Required work - Nothing but the lines from the first line of the material below through the line that holds "Nettoyez les abricots, coupez" should be set down, exactly and with pictures left out.

Available data -
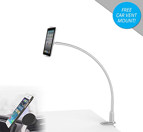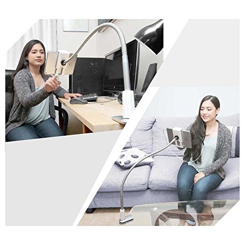 ✓ HANDS-FREE DESIGN: Free up your hands while reading your favorite kindle book on your iPad, Facetime with friends and family, or even watching movie on cell phone. This strong gooseneck tablet mount and iPad holder is perfect to put on bedside, desk, treadmill or kitchen.
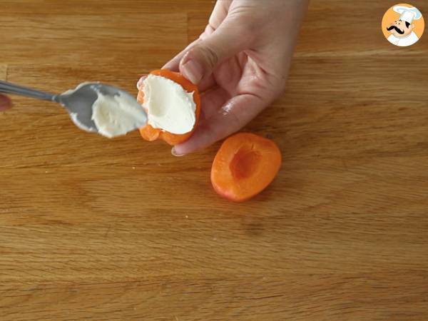 Nettoyez les abricots, coupez les en 2 et ôtez leur noyau. Remplissez le creux du mélange de mascarpone+sucre mis de côté, et refermez les abricots.
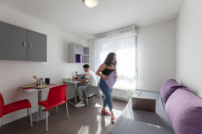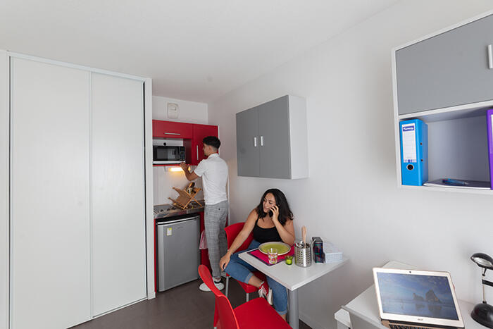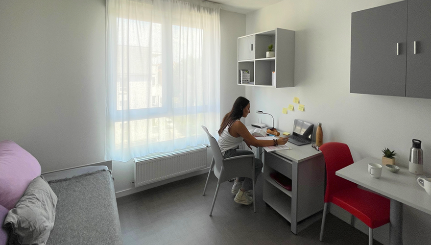 Résidence récente à 2 minutes du Tram! Située à 10 min du Campus Porte des alpes de l'Université Lyon 2, la résidence Studélites Bron Lumière vous propose des appartements étudiant fonctionnels et confortables. Elle est sécurisée et se compose de 4 étages avec ascenseurs. Du Studio au T2, les logements sont neufs, contemporains, entièrement meublés et équipés. L'eau chaude et le chauffage sont compris. La résidence dispose d'espaces communs, de loisirs et de travail ainsi que de services de qualité (accueil, laverie, cafétéria, salle de sport, sauna, internet, service petit déjeuner, local vélo, service ménage) qui facilitent votre vie quotidienne. La résidence se situe à 2 minutes du tramway ainsi que des lignes de bus, ce qui vous permet un accès très rapide à vos lieux d'études et de loisirs. De plus, tous les commerces et les commodités sont à proximité immédiate ce qui en fait un emplacement privilégié pour vous simplifier la vie. Retrouvez une résidence étudiante où convivialité rime avec sérénité, dans un cadre idéal pour réussir vos études.
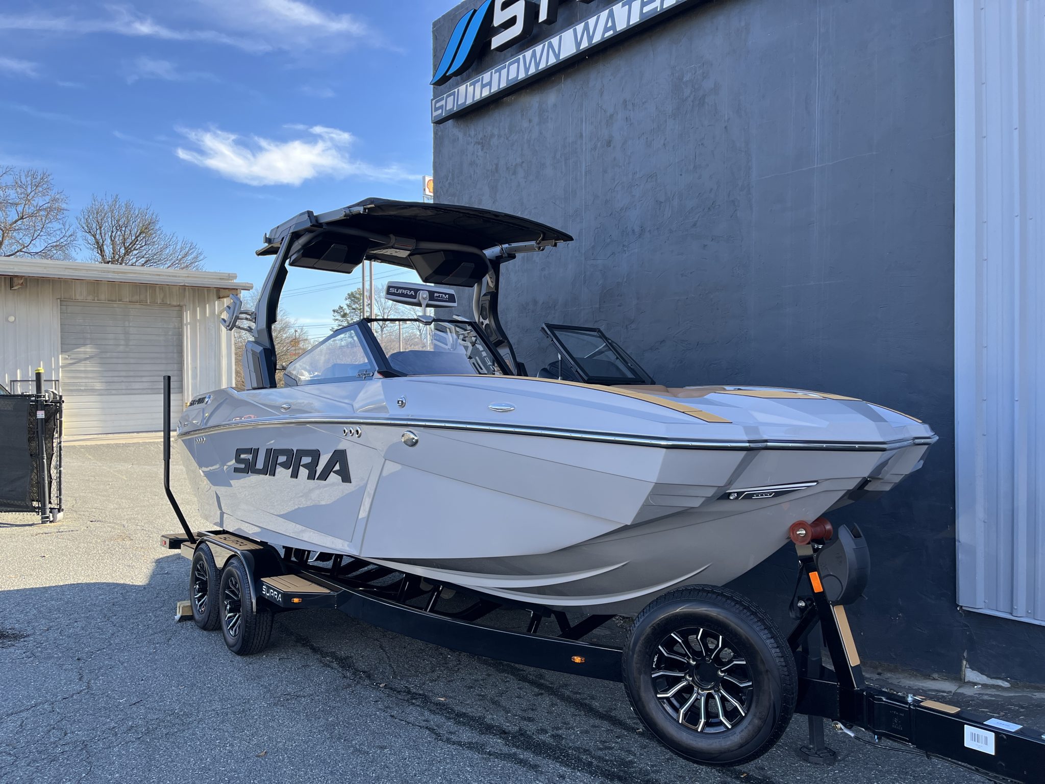 DEMO boat sold as NEW was used in-house, includes full 5-year warranty! The 2025 Supra SA 400 stands as one of the most capable 22.5-foot wake boats on the water, engineered for those who demand precision, comfort, and unmatched surf control. Power comes from an Indmar Raptor 6.2L 400 engine, delivering 400 horsepower through a V-drive configuration designed for perfectly weighted wakes and consistent pull. Supra’s advanced systems work seamlessly to create ideal wave shapes whether you’re wakesurfing, wakeboarding, or towing an all-day crew across your favorite lake. Built on Supra’s legendary SA hull, this boat combines integrated tech, refined handling, and efficiency that inspires confidence behind the wheel. Performance is amplified by the Raptor’s torque-rich response and Supra’s precision ballast and surf systems. Riders can dial in customized waves with intuitive touchscreen control, adjusting speed, ballast weight, and surf side in seconds. Whether fully loaded with friends or chasing world-class surf sets, the SA 400 maintains balance and pull that feel effortless. Measuring 22.5 feet with an 8.5-foot beam, it provides stability and confidence in all water conditions. The 16-person capacity makes it an ideal choice for families or crews who love to make every lake day a shared experience. Inside, the cabin pairs modern luxury with purposeful design. Thoughtful details like premium upholstery, deep storage, and ergonomic seating allow comfort without clutter. The captain’s area integrates Supra Command technology, presenting key performance, mapping, and wave settings through a sleek touchscreen that matches the boat’s modern aesthetic. The layout ensures every passenger enjoys the ride—featuring wraparound lounge seating, stadium-style viewing, and plenty of space for the day’s gear. SouthTown Watersports in Charlotte, North Carolina, proudly offers the 2025 Supra SA 400 as part of their premium wake and surf lineup. Customers across Lake Norman, Mountain Island Lake, and the Carolinas can see firsthand how Supra’s craftsmanship and innovation come together in this flagship 22-foot design. From serious riders pushing progression to families building lake memories, the SA 400 delivers the mix of performance and comfort that makes every day on the water unforgettable. Priced at $199,995, this new model represents the strength, technology, and reliability that have made Supra one of the most trusted names in tow boats.

Your solution -
 ✓ HANDS-FREE DESIGN: Free up your hands while reading your favorite kindle book on your iPad, Facetime with friends and family, or even watching movie on cell phone. This strong gooseneck tablet mount and iPad holder is perfect to put on bedside, desk, treadmill or kitchen.
 Nettoyez les abricots, coupez les en 2 et ôtez leur noyau. Remplissez le creux du mélange de mascarpone+sucre mis de côté, et refermez les abricots.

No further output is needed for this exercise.